Between 1991 and 1994 a qualitative research study using a Constructivist approach was conducted to determine how computers were affecting the work of CES field staff and what beliefs were held about computers. The work of Martin Heidegger and Jacques Ellul provided the framework for the study. Data was gathered from 57 semi-structured interviews with CES field and campus staff and from participant-observation in a dozen state and national CES meetings.
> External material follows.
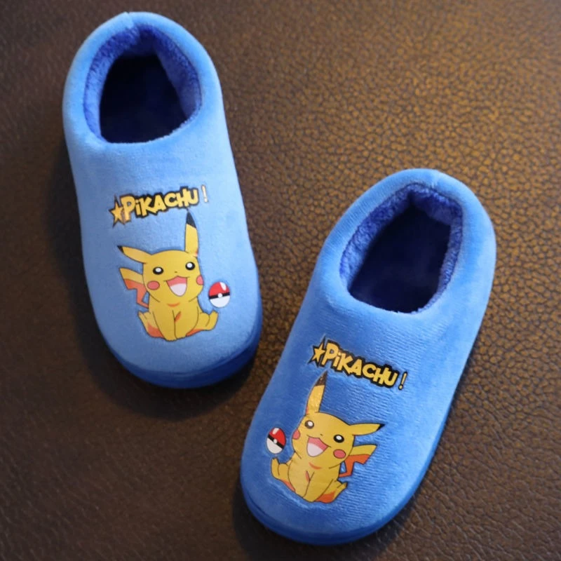 Зимние тапочки с покемоном Пикачу, детская обувь для маленьких дево...

The results showed that the new computer infrastructure enhanced trends associated with organizational restructuring. The old hierarchical relationship within the CES between campus and field staff based on subject matter expertise reasserted itself among the field staff based on their computer use. Unit leaders continued the old pattern of computer use by delegating most of it to their secretaries. Educators developed more active use of computers and those teams involved with family, youth and community issues used e-mail twice as much as those involved with agriculture. Greater e-mail use was associated with active encouragement by the team leader, a history of independent teaching by Educators and a subject matter where personal experience counted for as much as university research in developing educational programs.
The installation of the computer infrastructure expanded the influence of CES computer support staff, but it was very rushed and little provision was made for expanding training and support needs. These services remained centralized and field staff increasingly turned to their peers for support. Those most adversely affected by the changes were the secretaries in more isolated county offices whose workload expanded, while available support diminished.